这里面还有一个问题,从上一次的Checkpoint点开始重演重做日志,这些重做日志中有一部分已经执行过了,再次重演是否会产生问题?所以这里有一些约束,也就是重演重做日志要求是“幂等”,“幂等”就是不管执行过多少次,都能获得同样的结果,否则就会产生问题。PostgreSQL的数据块大小是8KB,在异常宕机时,有可能写数据块只是写了一部分,这时重演重做日志就不一定是“幂等”,为了避免这种情况,PostgreSQL提供了参数“full_page_writes”,当这个参数设置为“on”时,当一个数据块前一次Checkpoint后在发生第一次变化时,会把该数据块的全部内容写入到重做日志中,当开始恢复时,先把该数据库的全部内存恢复出来,然后应用后续这个数据块的变化,从而防止发生数据块损坏的问题。当然,数据块只有前一次Checkpoint后在发生第一次变化时才记录整个数据块的内容到重做日志中,第二次即之后变化时,只记录变化,不再记录整个数据块。所以从这个原理来讲,加长Checkpoint的时间间隔,也能尽可能地减少重做日志的产生量。

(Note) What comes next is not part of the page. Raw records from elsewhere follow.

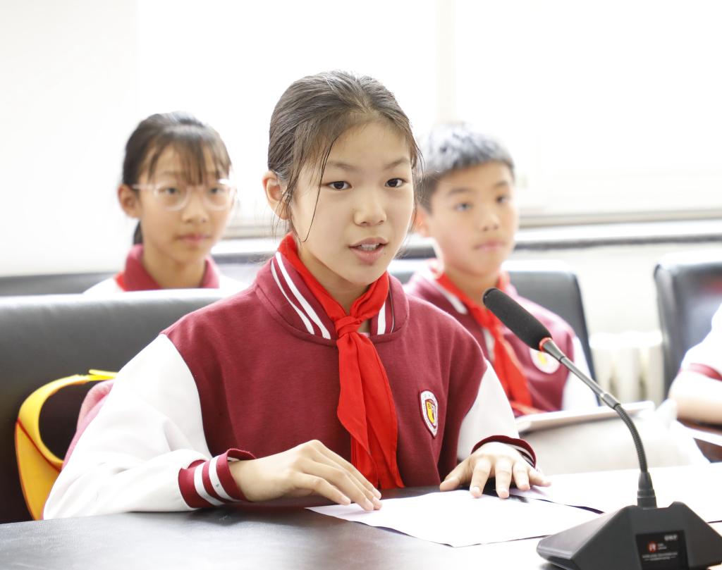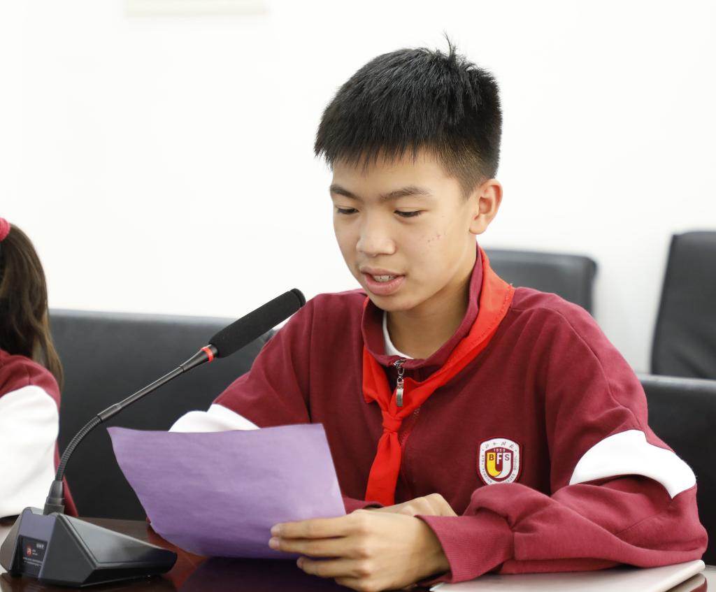 队员代表海淀区女子乙组跳远冠军姬奕彤同学和男子甲组60米亚军陶思辰同学进行发言,他们表示会把团结、努力、拼搏的体育精神融入学习和生活当中,奋发图强,不断超越自己。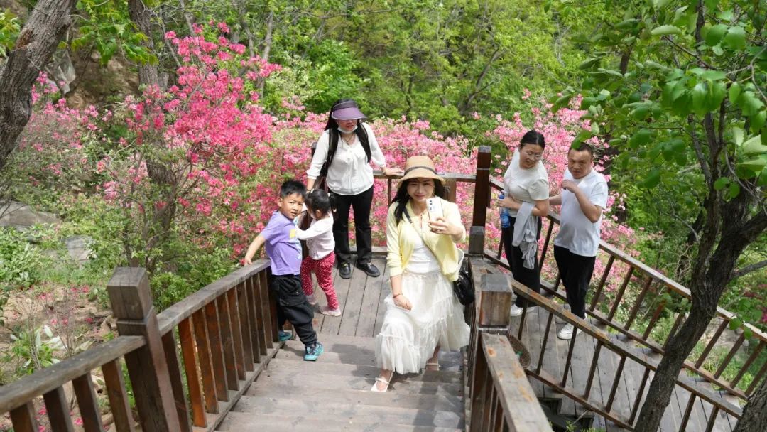 漫步在蜿蜒的步道上,兩側杜鵑花熱烈綻放,如跳動的火焰,絢麗奪目。游客穿梭于花海,或駐足細品,或舉鏡記錄,定格美好的瞬間?!敖裉焯鞖夂芎?,帶孩子來田王寨景區聽紅軍故事,看杜鵑花,又給孩子上了一堂生動的紅色教育課?!币幻麃碜砸蟮赕偟挠慰透锌?。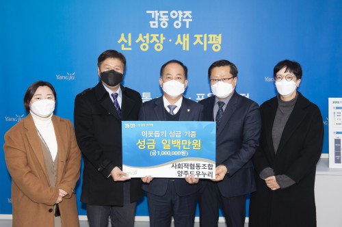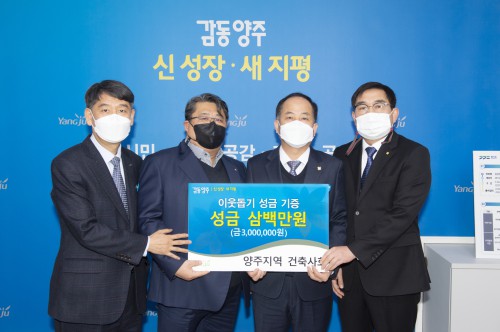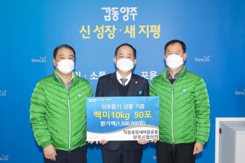 ½Ã¿¡ µû¸£¸é Áö³ 25ÀÏ Á÷Àå°øÀå »õ¸¶À»¿îµ¿ ¾çÁÖ½ÃÇùÀÇȸ(ȸÀå ¿À¼ö¿µ)¿¡¼ ¹é¹Ì 10kg 50Æ÷, ¾çÁÖÁö¿ª °ÇÃà»çȸ(°¨¸®ÇùȸÀå °¼º¿µ, °ÇÃà»çÇùȸÀå ±è³²¿µ)¿¡¼ ¼º±Ý 300¸¸¿ø, »çȸÀûÇùµ¿Á¶ÇÕ ¾çÁÖµµ¿ì´©¸®(ÀÌ»çÀå ¸ÍµÎ¿)¿¡¼ ¼º±Ý 100¸¸¿øÀ» ±âŹÇß´Ù.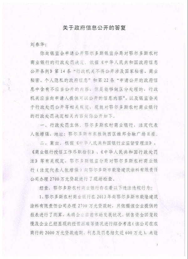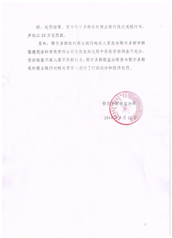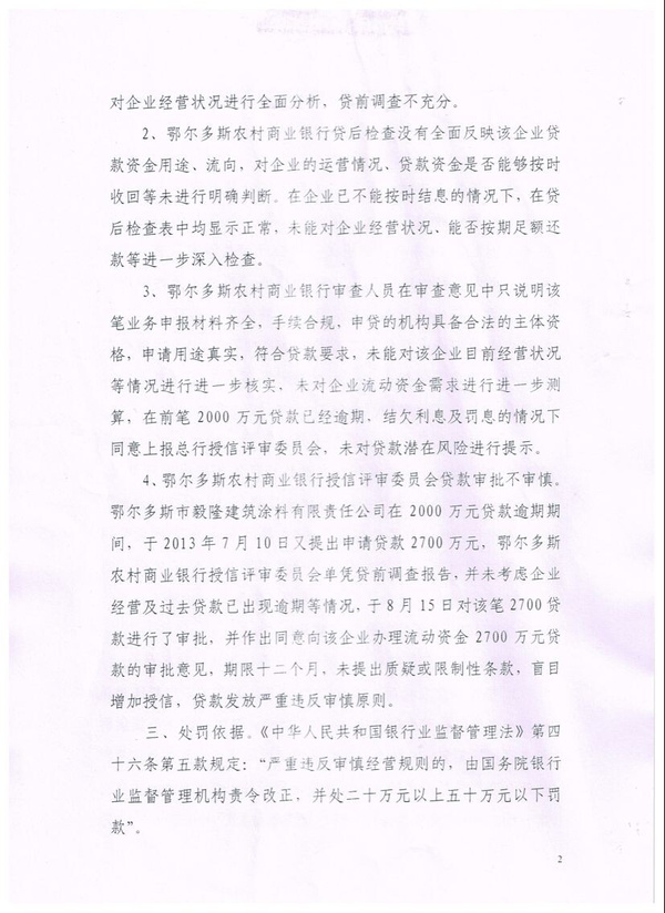 鄂尔多斯农村商业银行故意违反《国务院关于进一步加大工作力度确保实现“十一五”节能减排目标的通知》(国发〔2010〕12号)文件精神,向未经环评、非法违法生产企业鄂尔多斯市毅隆建筑涂料有限责任公司两次发放4700万贷款,然而中国银监会鄂尔多斯监管分局仅最后一次2700万贷款予以罚款20万元。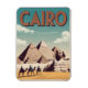 A captivating and nostalgic depiction of Cairo, Egypt, showcasing its rich history and iconic landmarks. The design captures the awe-inspiring Pyramids of Giza, the Great Sphinx, and the bustling streets of the city, framed by the Nile River. Rendered in a vintage style, the artwork evokes the timeless grandeur and vibrant atmosphere of Cairo, inviting viewers to explore its ancient wonders and dynamic urban life.

Oracle或其他数据库的DBA可能会奇怪,PostgreSQL数据库是没有回滚段的,那么PostgreSQL数据库在实例恢复的阶段会把未完成的事务回滚掉吗?实际上既不会也不需要,因为这些未完成的事务的状态在CommitLog文件中不是已提交状态,其产生的数据对于其他人来说是不可见的,也就是不用管,最后等VACUUM操作把这些垃圾数据清理掉就可以了。对于其他数据库来说,回滚操作也需要记录重做日志,所以整个恢复过程比PostgreSQL更复杂。另外,因为PostgreSQL数据库没有回滚段,所以也不会有因回滚段损坏导致数据库无法启动的烦恼。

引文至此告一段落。